A common way to mitigate the diff problem is to train on edit trajectories. For example, you can structure training data as triples like (original_code, edit_command, final_code), which teaches the model how an edit instruction should change the file while preserving everything else.

Another critical step is teaching the model to use specific editing tools such as search and replace. Cursor emphasized that these two tools were significantly harder to teach than other tools. To solve this, they ensured their training data contained a high volume of trajectories specifically focused on search and replace tool usage, forcing the model to over-learn the mechanical constraints of these operations. Cursor utilized a cluster of tens of thousands of GPUs to train the Composer model, ensuring these precise editing behaviors were fundamentally baked into the weights.

Challenge 2: Latency Compounds

In a chat interface, a user might tolerate a short pause. In an agent loop, latency compounds. A single task might require the agent to plan, search, edit, and test across many iterations. If each step takes a few seconds, the end-to-end time quickly becomes frustrating.

Cursor treats speed as a core product strategy. The make the coding agent fast, they have employed three key techniques:

  • Mixture of Experts (MoE) architecture

  • Speculative decoding

  • Context compaction

MoE architecture: Composer is a MoE language model. MoE modifies the Transformer by making some feed-forward computation conditional. Instead of sending every token through the same dense MLP, the model routes each token to a small number of specialized MLP experts.

MoE can improve both capacity and efficiency by activating only a few experts per token, which can yield better quality at similar latency, or similar quality at lower latency, especially at deployment scale. However, MoE often introduces additional engineering challenges and complexity. If every token goes to the same expert, that expert becomes a bottleneck while others sit idle. This causes high tail latency.

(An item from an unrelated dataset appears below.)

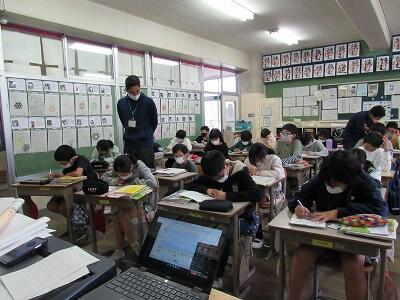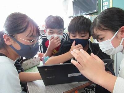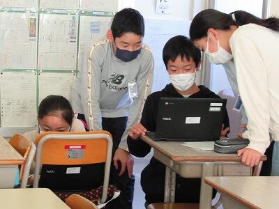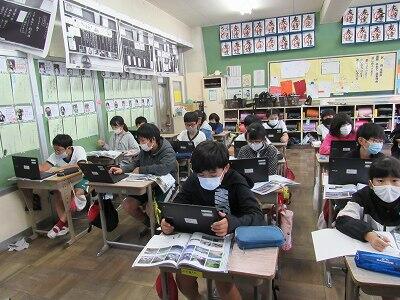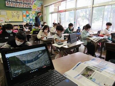 端末も活用しての検索を進める子どもたちを先生が支援していきます。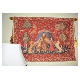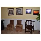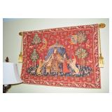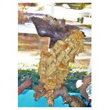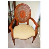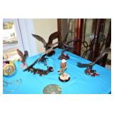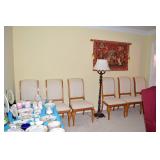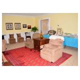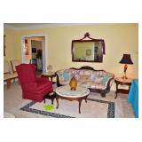 Living Room: Antique Sofa, China Cabinet, Set of 6 Dining Room Chairs, Marble Top Vintage Side Tables, Marble Top Coffee Table, Tapestry, Art, Rug, Lamps, Smalls, Arm Chair, China (Harmony House “Wembley”), Ronald Van Ruyckevelt Bronze Eagles, and More.

Teams typically address this with a combination of techniques. During training they add load-balancing losses to encourage the router to spread traffic across experts. During serving, they enforce capacity limits and reroute overflow. At the infrastructure level, they reduce cross-GPU communication overhead by batching and routing work to keep data movement predictable.

Speculative Decoding: Generation is sequential. Agents spend a lot of time producing plans, tool arguments, diffs, and explanations, and generating these token by token is slow. Speculative decoding reduces latency by using a smaller draft model to propose tokens that a larger model can verify quickly. When the draft is correct, the system accepts multiple tokens at once, reducing the number of expensive decoding steps.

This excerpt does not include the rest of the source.